Strength in numbers and experienced individuals are both vital in mongoose warfare, new research shows.
Banded mongooses are one of a handful of mammals that engage in lethal intergroup battles, giving insight into the evolution of warfare.
The new study – by the University of Exeter and the University of California, Santa Barbara (UCSB) – examined what factors usually give one side the advantage.
The number of adult males in a group and the age of the oldest male emerged as the key properties.
But the benefit of having an older male declines if he’s too old (about 11 years onwards) – when males become a “liability rather than an asset” and can be evicted from the group.
“These group contests are much more complex than fights between individual animals,” said Dr Patrick Green, of the Department of Ecology, Evolution, and Marine Biology at UCSB and the Centre for Ecology and Conservation on Exeter’s Penryn Campus in Cornwall.
“Our findings connect to what we see in human societies, where historically strength in numbers has been key in warfare.

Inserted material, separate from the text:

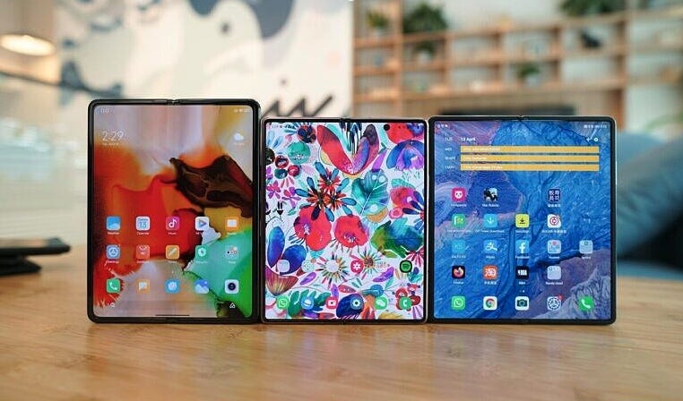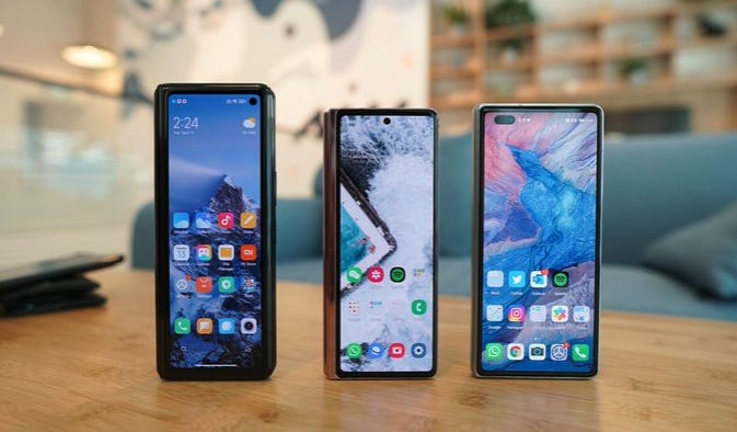说到这个,其实还是先要从当前主流内折式折叠屏手机的问题说起:其实即使是在展开的状态下,目前已经量产上市的折叠屏设备,屏幕尺寸也都只是在 8 英寸左右,单就屏幕尺寸相较于 7 英寸等超大屏手机其实并无太多生产力提升可言。更不用说如今三星、小米两家所推出的折叠屏新机,都为了更加协调的内屏使用而或多或少地牺牲了外屏设计,使其变成较为细长的条状屏幕。

“There are also lots of anecdotes and studies about experienced warriors in human societies that galvanise a group during fights.”
Given the importance of mongoose fights for establishing territory and access to food, the findings have implications for group decisions.
“For example, males are important to winning fights, and we know that (compared to females) males get more care when they’re young, are less often evicted and live longer,” said Professor Michael Cant, also from the University of Exeter.
“So, the group may make decisions about who to invest effort in based on the importance of those members to fights.”
The mongooses in the study live on the Mweya peninsula in Uganda, where a team of researchers has been studying them for 25 years.
Previous research led by the University of Exeter has shown that banded mongooses fight over sex and territory, and that females lead their groups into fights, then try to mate with enemy males in the chaos of battle.
The Natural Environment Research Council provided funding for the study. Dr Green was funded by the Human Frontier Science Program, and the research was made possible by permission and support from the Uganda Wildlife Authority, the Uganda National Council for Science and Technology and the wardens of Queen Elizabeth National Park.